As the global spread of novel coronavirus (SARS-CoV-2) continues to escalate, so has the demand for personal protective equipment (PPE), creating global shortages in the supply of N95 filtering face respirators (FFRs) and surgical masks. N95 FFRs are recommended by the World Health Organization (WHO) and the Centers for Disease Control and Prevention (CDC) for use by healthcare providers (HCPs) caring for coronavirus disease (COVID-19) patients requiring airborne precautions and during aerosol-generating procedures [1, 2] . Therefore, N95 FFRs are most commonly needed for HCPs in acute care and inpatient settings.

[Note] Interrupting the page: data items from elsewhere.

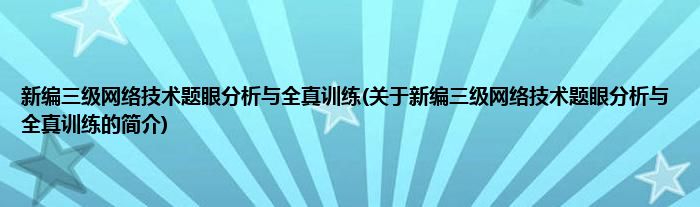大家好,新编三级网络技术题眼分析与全真训练,关于新编三级网络技术题眼分析与全真训练的简介很多人还不知道,现在让我们一起来看看吧!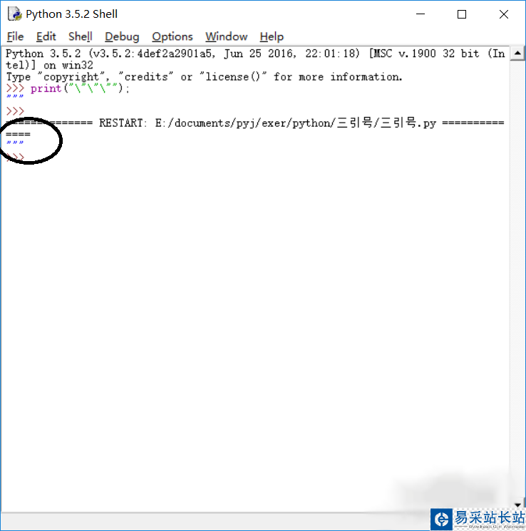 print("/"/"/"");因?yàn)?"代表一個(gè)引號(hào),那么連續(xù)三個(gè)/"自然就是三引號(hào)了。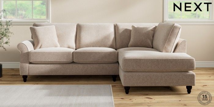 7.2.10 Ashford Relaxed Sit Medium Corner Chaise - Right Hand Cotswold Chenille Light Natural Low Turned - Dark | Made Click here to use our website with more accessibility support, for example screen readers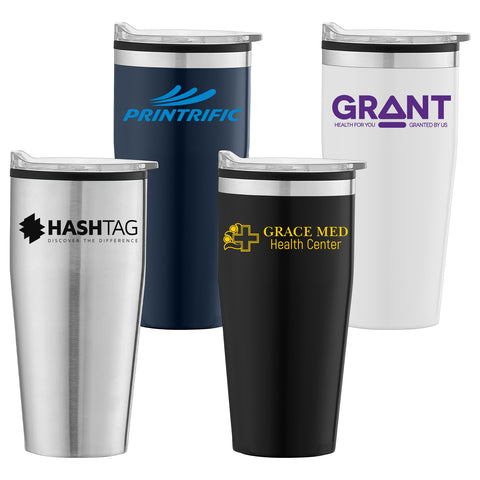 Quench your thirst for a successful promo campaign! Our Jasper 20-ounce Stainless Steel Tumbler with Plastic Interior will elevate your clients' drinkware selection and provide eye-catching brand exposure. This double-wall tumbler has a premium look and a value price point that will help maximize the impact of your promo budget. The sleek design is perfect for highlighting your brand logos, message, and more. Customize with your 1-color silkscreen logo. Complies with Prop 65. 7.48" W x 3.43" Diameter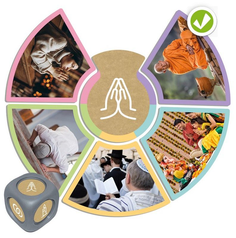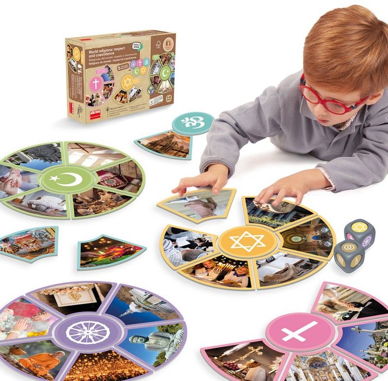 Joc d´associació amb fotografies per descobrir i conèixer diferents religions. Ofereix l'oportunitat de desenvolupar una educació en valors com a base per a la resolució de conflictes. Permet promoure una cultura de pau i respecte des d'edats molt primerenques. En el joc es mostren les religions següents: budisme, cristianisme, hinduisme, islam i judaisme. Llança el dau i descobreix-les!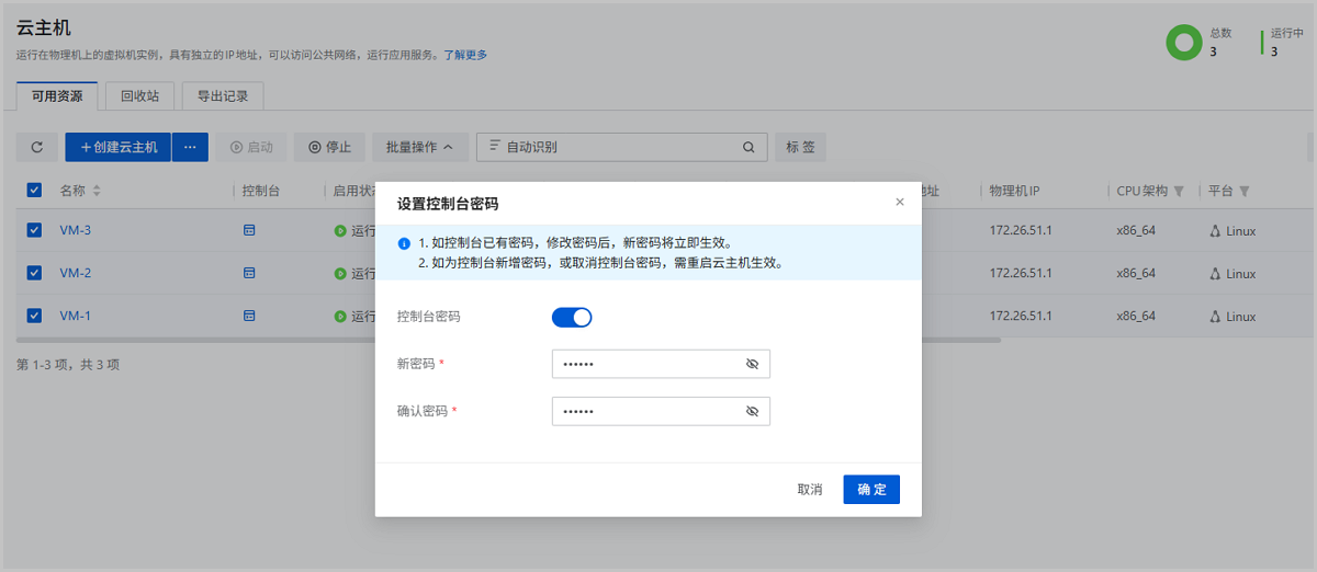 ZStack Cloud 5.5.0开始,支持批量设置云主机控制台密码、切换云主机控制台模式,有效提升大规模运维效率。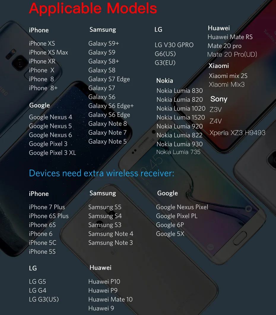 The wireless car charger arm can be opened up to 85mm, which can be easily put into the thickness of phones less than 11mm ,and is suitable for most mobile phones that support wireless charging on the market, even Apple iPhone XS Max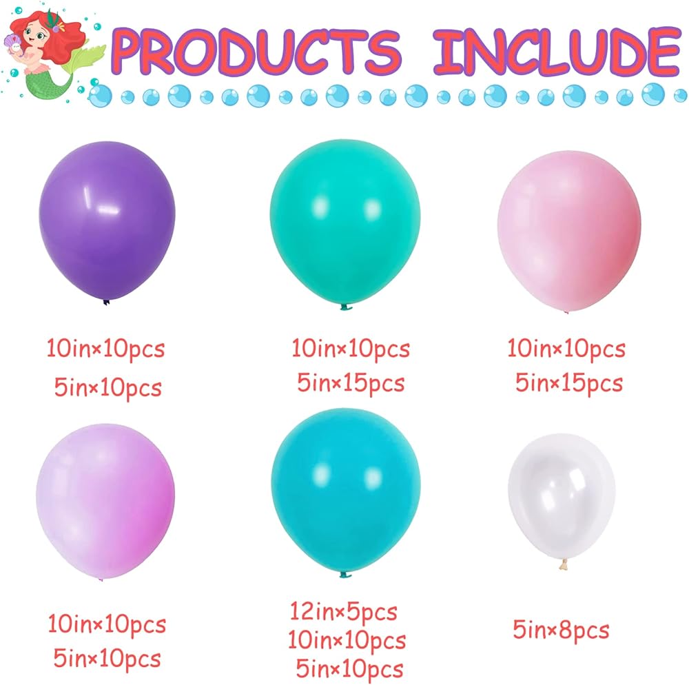 Mermaid Theme Party Decoration Balloon Garland Set, Mermaid Birthday Party Supplies, Latex Balloons for Mermaid Theme Party Mermaid Party Decorations Kids Baby Shower Birthday Party Supplies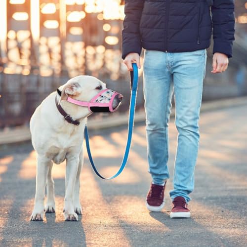 2 Pezzi Museruola Cane Taglia Grande, Museruola Cane in Nylon con Motivo, Morbida Museruola per Cani a Maschera Traspirante, Contro Morsi e Abbaio, con Collare e Sacchetto per La Cacca (L)
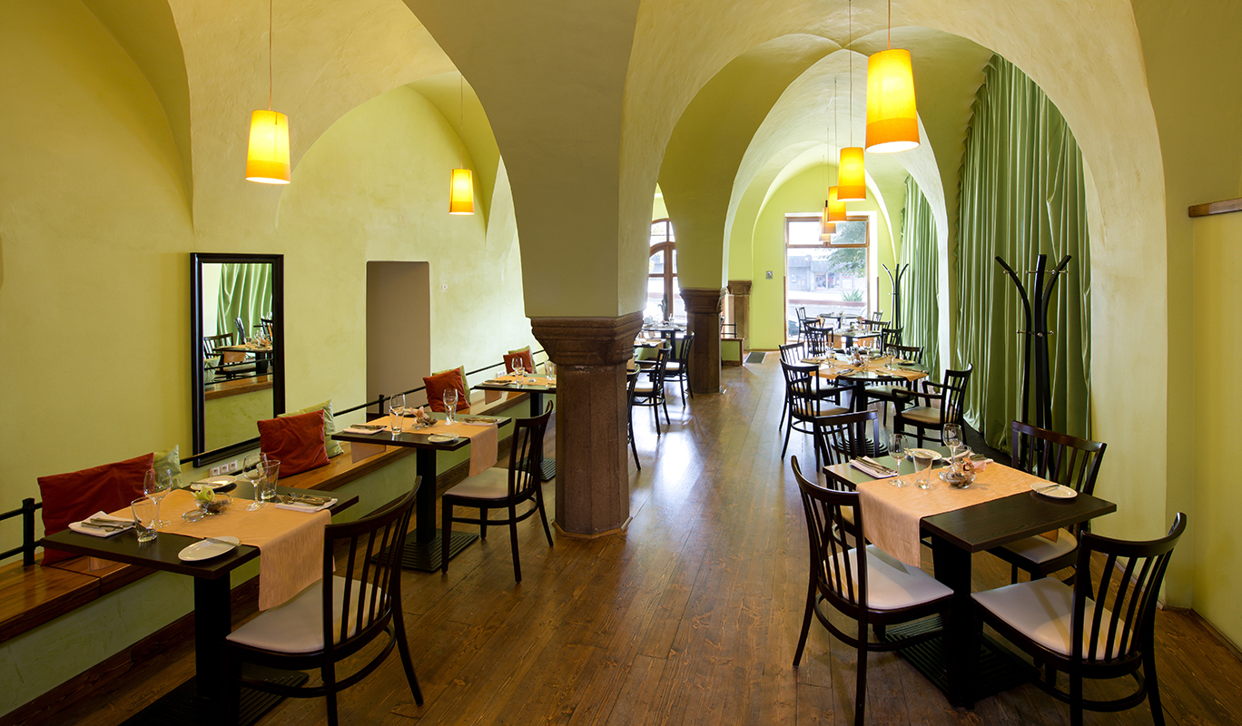 Restaurace v centru města vám nabízí moderní pojetí interiéru i gastronomie s kapacitou 45 míst. Při posezení v restauraci můžete díky otevřené kuchyni sledovat práci kuchařského týmu vedeného majitelem a zároveň šéfkuchařem Pavlem Marešem, který je dlouholetým členem Národního týmu kuchařů a cukrářů AKC ČR.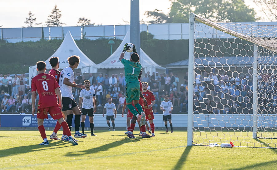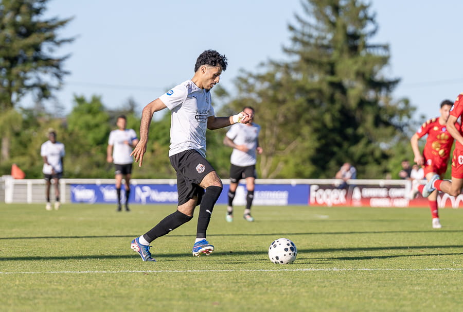Avec une météo estivale et une pelouse toujours aussi bien entretenue par les jardiniers de la Ville de Mâcon, les préfectoraux enregistrent le retour de leur maître à jouer, Timothée Taufflieb, absent lors du match nul face à Vierzon la semaine passée. Un retour qui fait la différence rapidement puisque le meneur de jeu mâconnais ouvre le score en taclant aux 6 mètres, bien servi par El Hassani (19’). Suite à ce but, gros temps fort pour Mâcon 71 qui se procure plusieurs occasions de faire le break en 5 minutes mais sans réussite. Le match va ensuite se poursuivre dans un faux rythme jusqu’à ce que l’ailier droit mâconnais Hitouss trouve la barre avant la mi-temps, score à la pause, 1-0.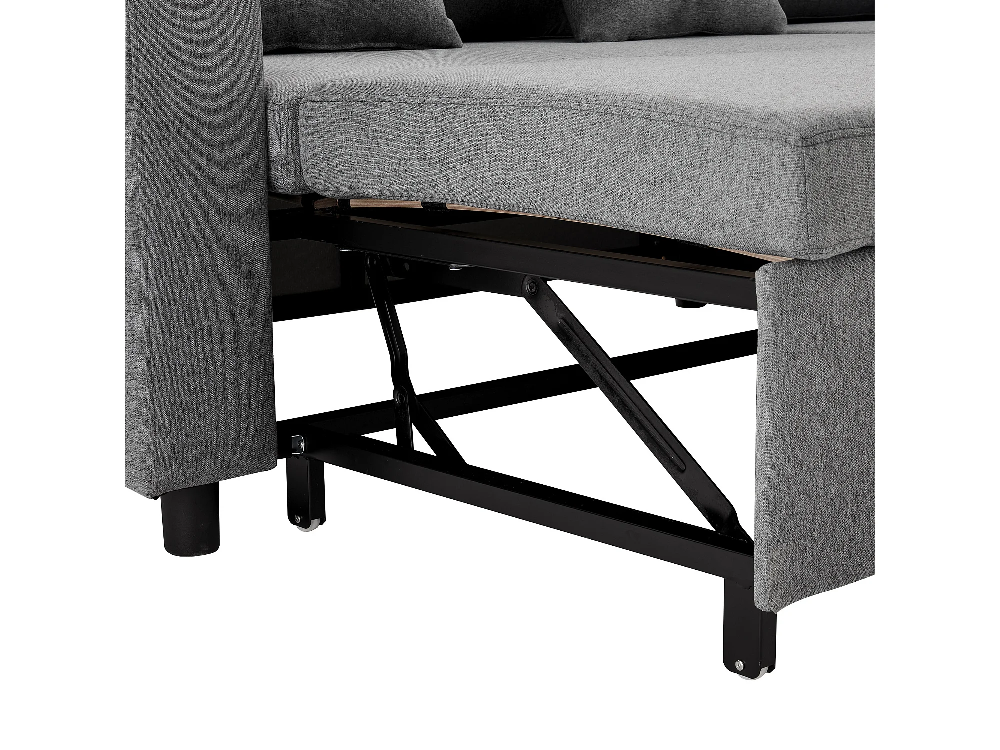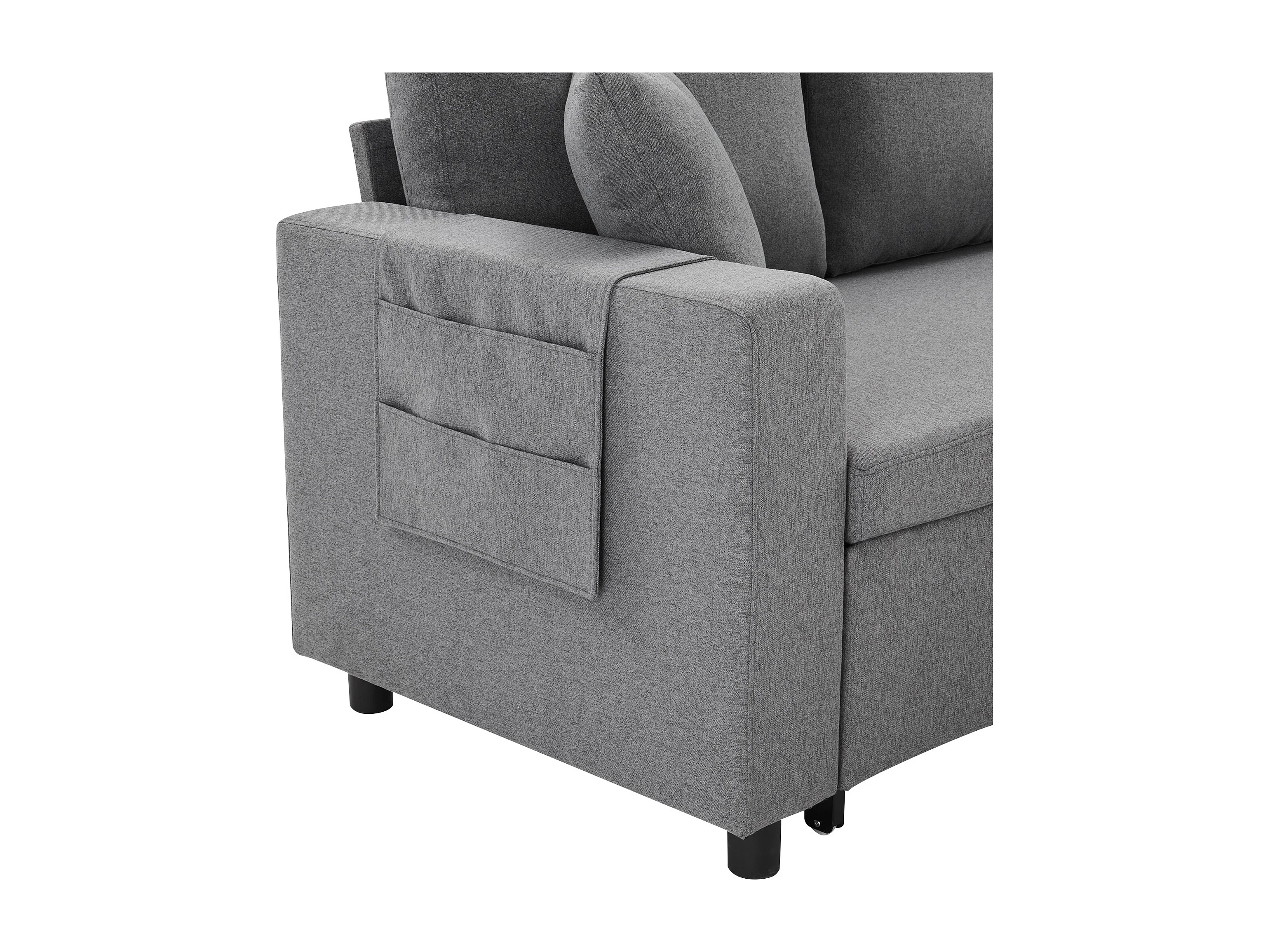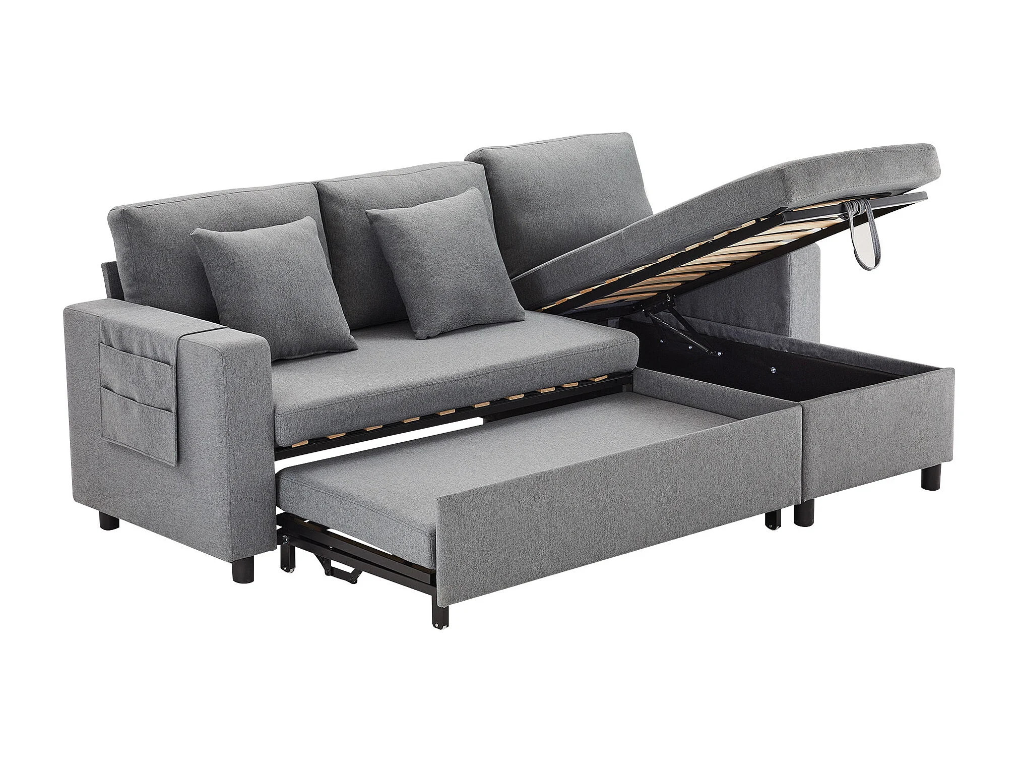 Canapé d’angle convertible 219.5x142.5x83 cm, méridienne réversible, coffre de rangement, poches latérales, lin gris foncé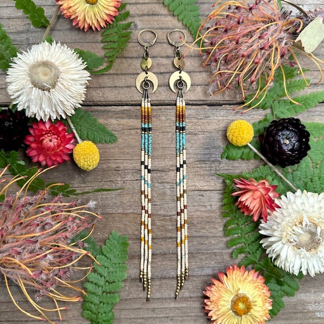 Handmade from raw brass with a natural patina and glass seed beads 7 inches long Each earring weighs 3 1/2 grams Brass leverback ear hooks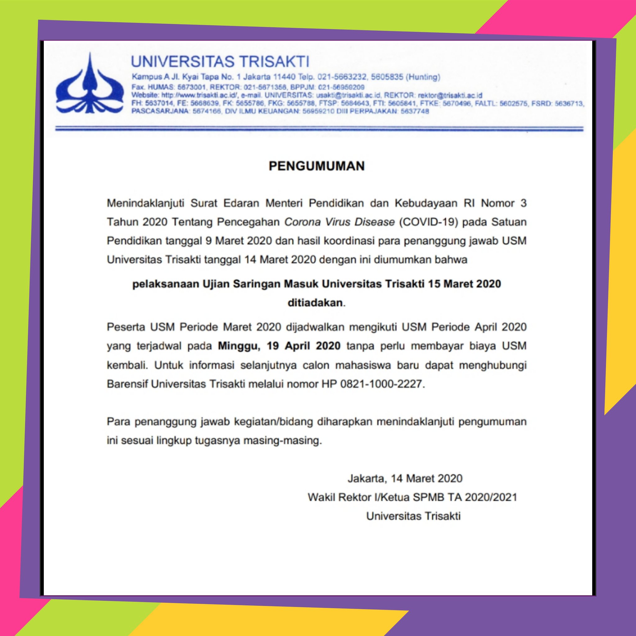 Universitas Trisakti On Twitter Pengumuman Pelaksanaan Ujian Saringan Masuk Universitas Trisakti 15 Maret 2020 Ditiadakan Peserta Usm Periode Maret 2020 Dijadwalkan Mengikuti Usm Periode April 2020 Yang Terjadwal Pada Minggu 19 April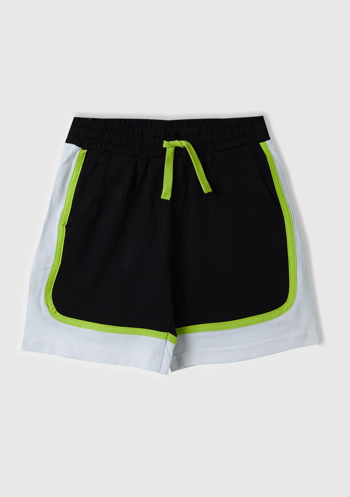 Erkek Çocuk Siyah Beli Büzgülü Arkası Logo İşlemeli Renk Bloklu Bermuda Şort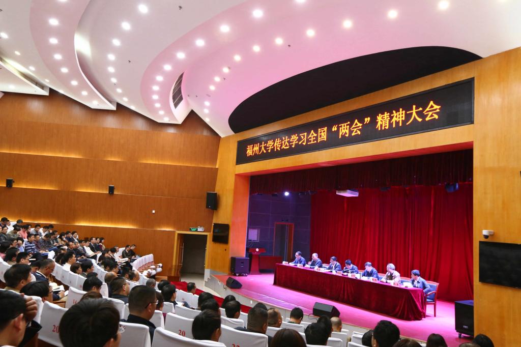 新闻中心讯/3月27日下午,福州大学召开党委(扩大)会议,传达学习全国“两会”精神,部署2018年工作。全体校领导、校党委委员以及全校中层干部参会。会议由校党委书记陈永正主持,付贤智校长传达十三届全国人大一次会议精神,并部署学校2018年度工作。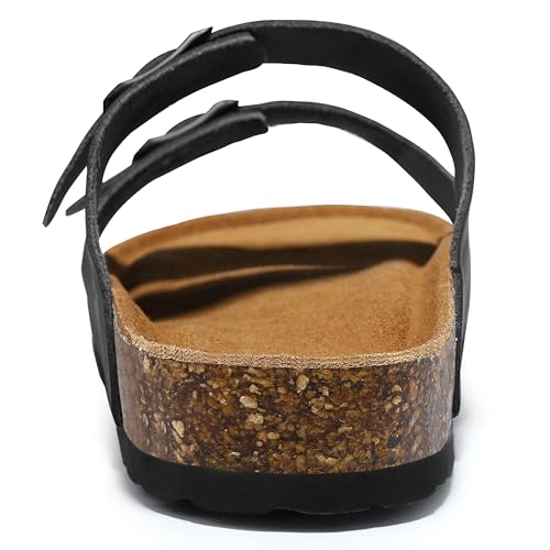 HOMETRUE Mens Sandals Cork Footed Flat Mens Slides Sandals Adjustable Buckle Straps Durable Sandals for Men 6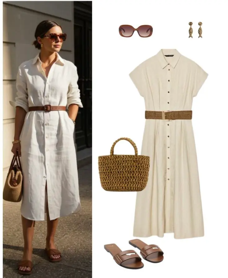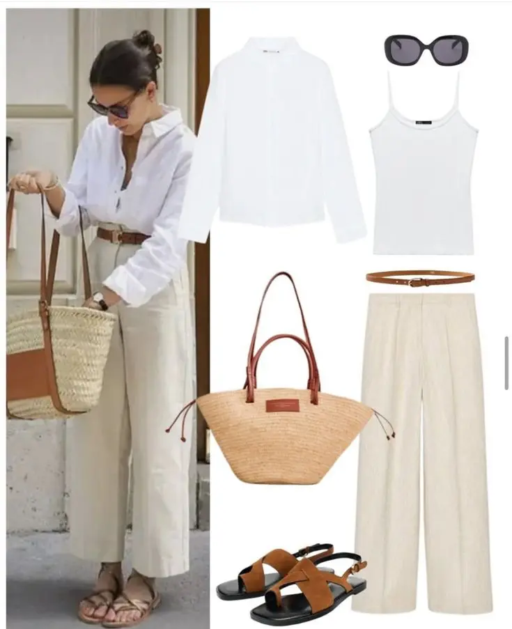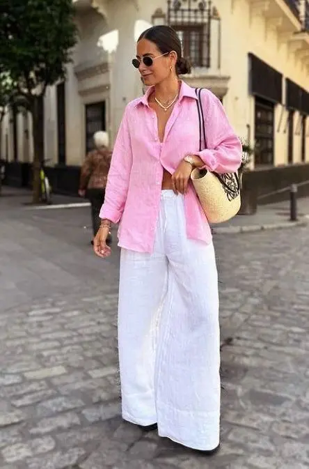 Camisas de Linho: Uma camisa de linho branca ou colorida é uma peça-chave. Use-a aberta sobre uma regata ou por dentro de uma saia midi, criando um visual chic e descontraído.

In contrast, surgical masks are recommended for use by HCPs to protect against the risk of droplet transmission in a broader range of inpatient healthcare settings, as well as outpatient settings (e.g. COVID-19 assessment centres, long-term care facilities, and community care settings) [2] [3] [4] . As the supply of N95 FFRs is threatened, HCPs may resort to use of surgical masks for airborne precautions [3, [5] [6] [7] . Surgical masks are also recommended for use by patients with suspected or confirmed COVID-19 to prevent potential spread in a variety of healthcare settings [2, 4] . Several institutions now recommend that everyone entering the hospital setting wear a surgical mask [8] .

These practices have created an unprecedented demand for surgical masks; unfortunately, the capacity for surge production of PPE is not sustainable in the long-term [5] [6] [7] . As most facemask PPE are designed for single-use, mask rationing and conservation is now a top priority globally [9] . Mask reuse is now suggested as a crisis capacity strategy to conserve available supplies during a pandemic [2, [9] [10] [11] , and much attention has now turned to decontaminating facemasks. Several strategies have been evaluated, including ultraviolet germicidal irradiation (UVGI), chemical disinfectants, and microwave-and heat-based methods; however, most of this literature has focussed on the decontamination of N95 FFRs [12] [13] [14] .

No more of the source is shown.